Receive the following error when I run your code: Error in 2:(n_cols + 1) : NA/NaN argument
RLave about 5 years

I don't have this error, have you tried it on my example data? If your "UniqueNumber" column is named differently you need to change this part x$UniqueNumber accordingly.
statsguyz about 5 years

Thanks. I my data had a missing column so the code crashed. Went back and fixed the issue, it works!
statsguyz about 5 years

Edit: Looks like few subjects didn't have UniqueValues. Need to check this. Everything is working well!
statsguyz about 5 years

Is there a way to modify this to deal with missing values? Also, is it possible to calculate the mean with a denominator taking in to account the missing values?
David Arenburg about 5 years

What do you mean by missing values? NAs in the Value column? Just add na.rm = TRUE to the functions, e.g. summarise(Mean = mean(value, na.rm = TRUE), Total = sum(value, na.rm = TRUE)). Not sure I understand your second question. Can you please show an example with desired output?
statsguyz about 5 years

Oh ok, that's what I thought. And if I wanted to modify the "Mean" column to modify the denominator of the mean function by +1 or -1, is that possible?
David Arenburg about 5 years

I'm not sure I understand what you mean but you could do summarise(Total = sum(value, na.rm = TRUE), Mean = Total / n())
statsguyz about 5 years

Can you modify the denominator of the 'mean' function so that it divides by 1 less? I need to include the first value (i.e.
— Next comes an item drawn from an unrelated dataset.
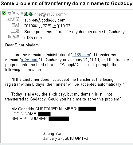 从2010年1月16日向新网代理商索要域名转移密码,到2010年1月27日13:55分Whois信息中的域名注册商变更为Godaddy,历时11天,我的域名 s135.com 成功转移到国外。
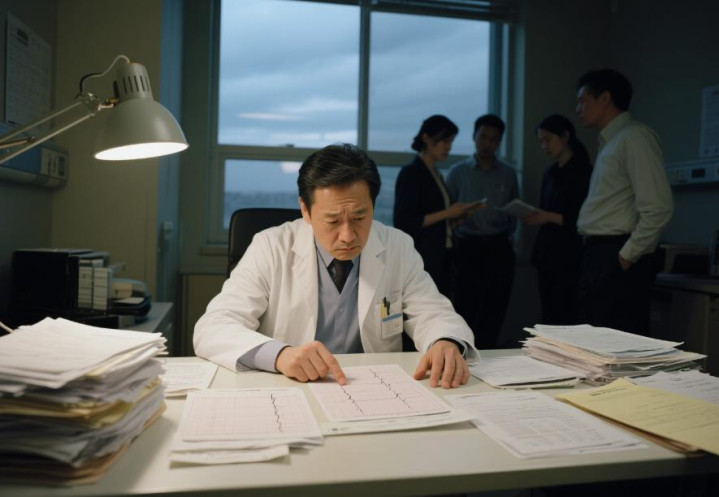 就在医生们陷入困境时,医院的内科中心迎来了一位特殊的指导专家——顾教授。听完病史,他眉头微皱,神色凝重地接过病例。几十年的研究经验让他对这种没有预警的猝死格外敏感。顾教授一页一页翻阅徐国跃的检查资料,先是盯着动态心电图上那些看似无害的偶发室早,然后又在实验室报告上停顿良久。他没有立刻说话,而是反复确认细节,像是在捕捉一条隐藏很深的线索。

Value1), but it's a starting point. So I would like to divide by one less in each instance (while still removing the NAs).
David Arenburg about 5 years

How exactly does this gives the correct results? That gives me wrong results when I insert random NAs into the data. For example, try inserting NA into Value1 into the first row.
RLave about 5 years

@statsguyz yes you can, you can do whatever you want inside the function, just change mean() with whatever you like, I'll update with an example.